他想離開這里,也必須等到修為能和巫云錦抗衡之時。
司染并不是那種猶猶豫豫的人,一旦分析了利弊,他便利落地換上長夜閣的衣服。
他看了一眼天劍宗的衣服,長夜閣的人是音修,卻不知為何似乎極度討厭劍修。
司染并沒有按照阿星說的那樣將天劍宗的衣服燒掉,而是收入他的收納袋中。
他身上的傷已經用過藥,只是還并未好全,他在房間內打坐打了一個晚上,直到第一日清晨阿星來叫他。
阿星瞥了司染一眼,冷笑著問道“你們劍修不是最有骨氣的嗎為了活命還不是換上你們看不上的小宗小派的衣服。”
字里行間皆是挑釁。
司染記仇,但也善于忍耐。
從前在天劍宗的時候,不少弟子看他的眼神也很是怪異,別的長老的弟子也時常會欺負他,巫云錦即便看到他身上的傷也不聞不問。

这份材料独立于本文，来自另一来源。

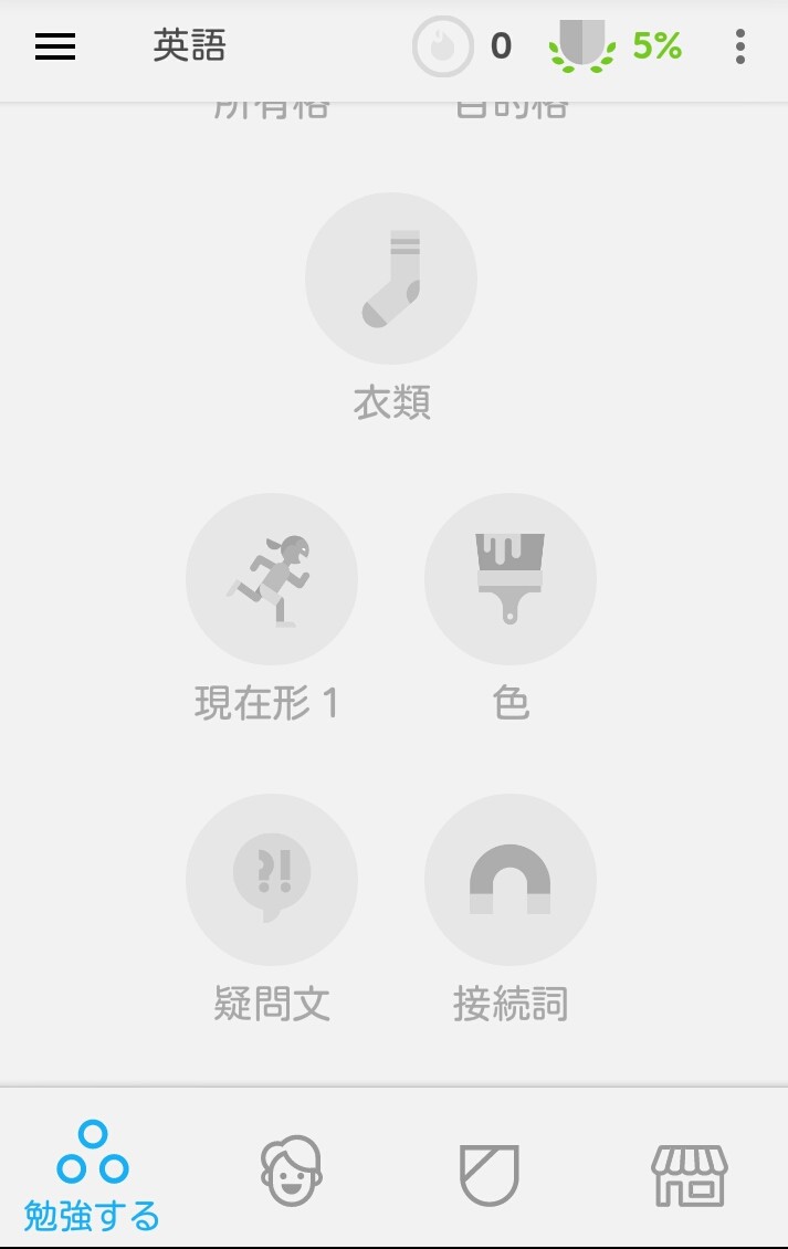 Duolingoは、難易度ごとに用意された各章を1つずつクリアしていく形式の英語学習アプリです。

曾經他以為巫云錦的冷漠是因為她修的是無情道,所以才會如此,他不愿意給師父添麻煩,便都一一忍下了,現在才明白,巫云錦打心底也是厭惡他的。
恰如蘇卿夢。
司染笑了一聲,卻是恭敬地對阿星喊道“師兄。”
阿星皺了一下鼻頭,只覺得無趣,沉默地將司染往蘇卿夢所在的院子帶。
到門前的時候,阿星才不甘不愿地吩咐著“師父最喜歡佛修,最討厭劍修,你要時刻記住,你如今是長夜閣的音修,那些劍修的東西該扔就扔了,以及千萬不要在師父面前說佛修的壞話。”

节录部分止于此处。